Wednesday, 13 August 2008

Percy's Place




We walked all around the estate, John and I, when we were kids. John reckoned he was the cock of the six streets we lived in and he’d strut, chest exhaled, as we killed time over the summer.
We didn’t realise it then, but going to school was the only thing that really ‘happened’ to us. Everything in between was just time-wasting. The pattern continued once we left school and found work.
The summer boredom was punctuated by strong memories though. Fights, bike accidents, football injuries, kissing (maybe groping too); all are still clear to me.
Often, John and I took our bikes out along the path of the old railway line. The tracks had been lifted some twenty years ago and the council had turned it into a pleasant place to walk or ride bikes.
The track went for miles in each direction, and we’d never made it to one end of either. The time I’m recalling now was no exception. It was a warm day and John got bored halfway along and wanted to turn back. I suggested we cut off into the field and test our mountain bikes on the undulations of the ploughed soil. This appealed to John.
We were tired and sweating through the effort after just a few minutes so we put down our bikes and looked for somewhere shady to sit. Skirting the hedgerows we aimed for the few trees at the corner of the field. Once there we were amazed to see a collection of metal objects, rusting in the shade. It seems like little to get excited about, looking back on it, but for us this was a find!
A strange little scrap heap was being built in this random corner of countryside and, as we picked through it, looking for anything we could steal, we scarcely thought about who had gathered this junk together, or why.

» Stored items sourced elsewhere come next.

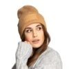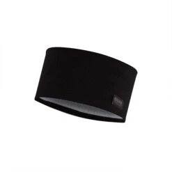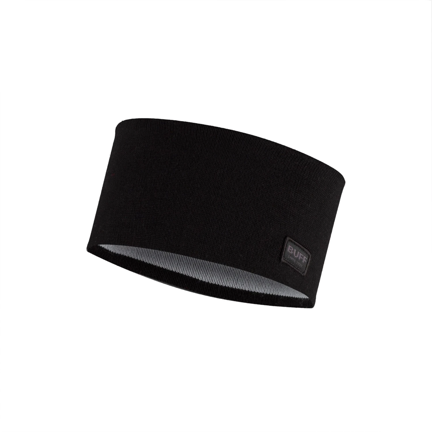 Sehr breites Stirnband aus feinem Strick; wärmende Eigenschaft; Label-Patch; Material 100% Polyacryl.
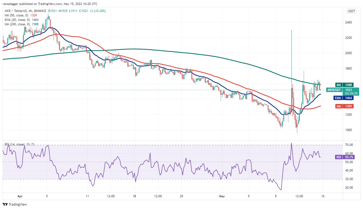 Maker (MKR) bounced off the psychological support at $1,000 on May 12 indicating that bulls are defending this level with all their might. The bulls pushed the price to the 50-day SMA ($1,754) on May 13 but the long wick on the day’s candlestick shows strong selling at higher levels.
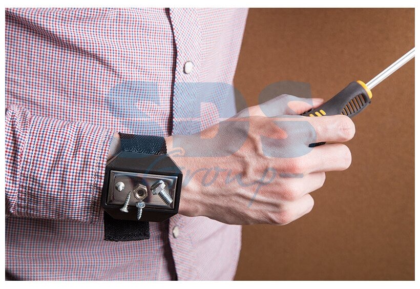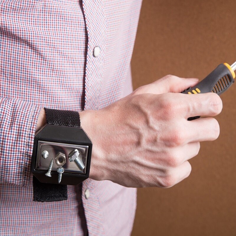 Магнитный браслет на руку предназначен для фиксации метизов, бит, крепежа и других железосодержащих предметов на руке при работе в труднодоступных местах.

I was rifling through a basket of tins and pans when John tapped my arm. He had gone quite silent and put his finger to his lips. I listened and immediately picked out the unmistakable sound of deep breathing.
John shuffled forwards on his knees and inspected a rusting piece of corrugated iron. He beckoned me to help him and we slowly tipped back the iron sheet like it was a great door to a rotting mausoleum.
Behind the brown and grey curtain, in a small hollow smoothed into the soil, lay a man, and as the sunlight flooded across his face he opened his eyes and smiled a miserable smile.